In an industry with razor thin margins, any law affecting costs is cause for alarm. California's growing reputation as an unfriendly business state is underscored by proposals for new burdensome regulations and laws each year, which the CRA opposes aggressively.
Minimum wage hikes
Seemingly each year, state lawmakers draft legislation to raise the minimum wage, despite the fact that California continues to lag behind the rest of the nation in recovering from the recession, as well as suffering from chronic budget deficits and a staggering unemployment rate. Even well-intentioned efforts to raise the minimum wage could wreak havoc on the state’s fragile economic state, and restaurants’ slim profit margin makes them particularly vulnerable. In a time of such economic turmoil, it’s critically important that lawmakers do no harm for the sake of employers and employees alike.
Restaurant industry’s unique position
Minimum wage increases often have a perverse effect on the restaurant industry, as the wage increase typically benefits those who are already the top-paid individuals in the restaurant: the tipped servers.

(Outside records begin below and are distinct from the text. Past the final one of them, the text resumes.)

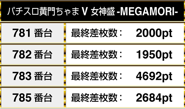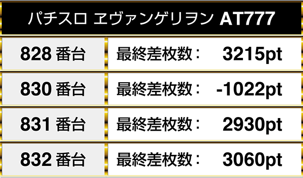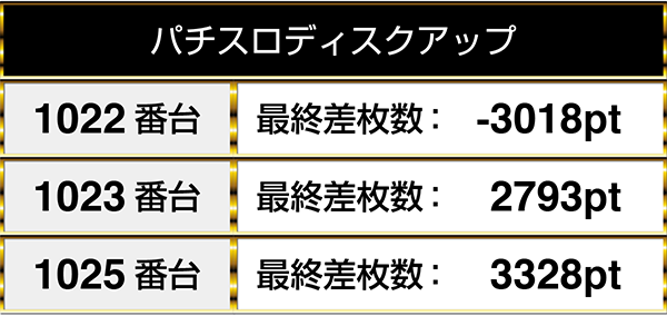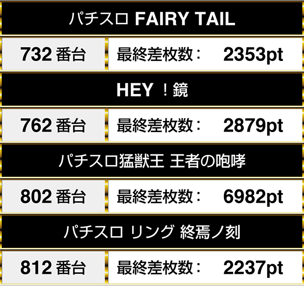 ほかにも、762番台の『HEY!鏡』や812番台の『パチスロ リング 終焉ノ刻』など、多くの機種がプラスptで終えていた。
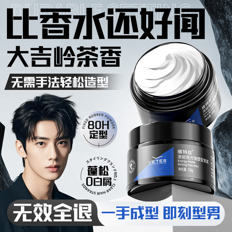 维特丝男士哑光强力塑型发泥自然蓬松持久定型发蜡发胶发膏发油清爽造型
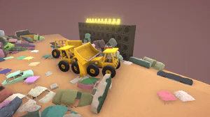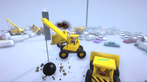 You can hop in and out of different construction vehicles, parkour over mounds of shifting junk, push scraps to form barriers or knock them down, run over other contestants, or smash them into oblivion with the wrecking ball.
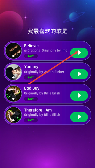 1、選擇喜歡的歌曲進入游戲,點擊綠色按鈕開始,跟隨音樂節奏進行后續的操作。
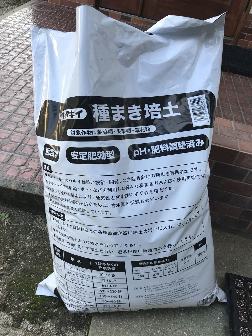 育苗培土はタキイの「種蒔き培土」を使いました。
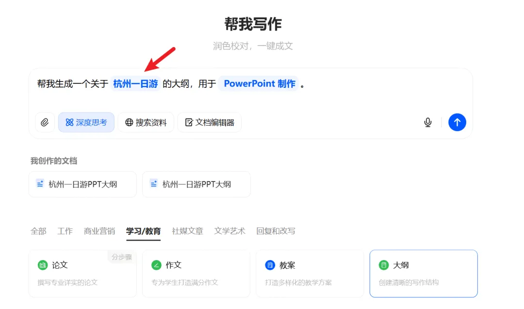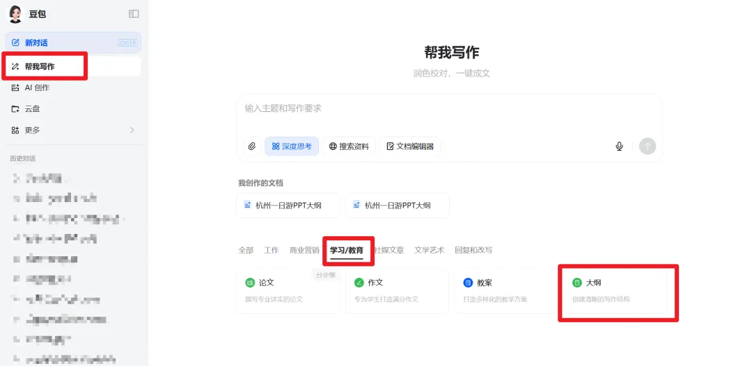 在左侧找到**"帮我写作",选择学习/教育里的"大纲"**。
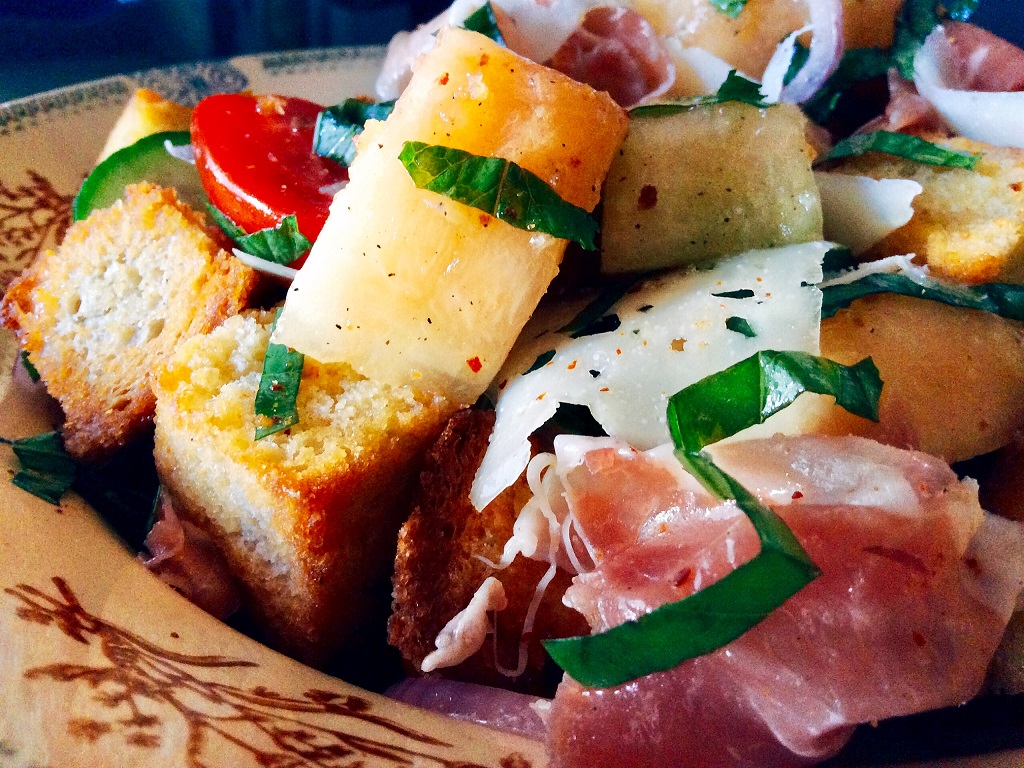 ΣΑΛΑΤΑ ΣΑΝ PANZANELLA ΜΕ ΠΕΠΟΝΙ, PROSCIUTTO & ΓΡΑΒΙΕΡΑ
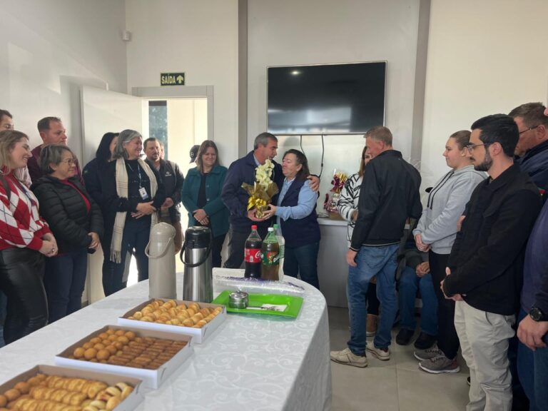A despedida foi marcada por uma homenagem organizada pela equipe da Emater de Lagoa Bonita e de outros escritórios da região, com a presença de servidores, secretários municipais, do prefeito Luizinho Fagundes e do vice-prefeito Sidinei Bach.
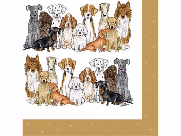 Fin servett med hundmotiv - originaldesign Camilla Ståhl. Bra kvalitet. Innehåller 20 st servetter, 3 lager.

Minimum wage increases rarely affect the hardworking non-tipped employees who are already often paid greater than minimum wage, but are still on the lower end of the pay scale. Also, the added cost from a mandatory wage increase for employees earning the most reduces, or eliminates entirely, an operator’s ability to also provide a wage increase to other hourly workers.
Indexing’s devastating consequences
Proposals such as 2012’s AB 1439 (Alejo) that link the minimum wage to indexing would put the rate on auto-pilot, a concept that would be disastrous for California. By tying increases in the minimum wage to a single economic factor, in this case inflation, and ignoring other factors such as the strength of the job market, indexing will inevitably result in increases in the minimum wage at times when the economy is ill suited to absorb new cost pressures.
California’s minimum wage was increased to $7.50 per hour in 2007 and $8 per hour in 2008.
According to the Employment Policy Institute, 85 percent of the most credible studies released over the last 20 years have concluded that increases in the minimum wage cause job loss.
California continues to grapple with staggering unemployment rate of nearly 11 percent and a dire budget deficit.
PREVENT ANY MINIMUM WAGE BILL THAT INCLUDES A TIE TO INDEXING FROM BECOMING LAW. THE INDUSTRY IS BETTER OFF IF LAWMAKERS CONSIDER MINIMUM WAGE PROPOSALS PERIODICALLY THAN PUTTING THE WAGE ON AN AUTOMATIC UPWARD ELEVATOR.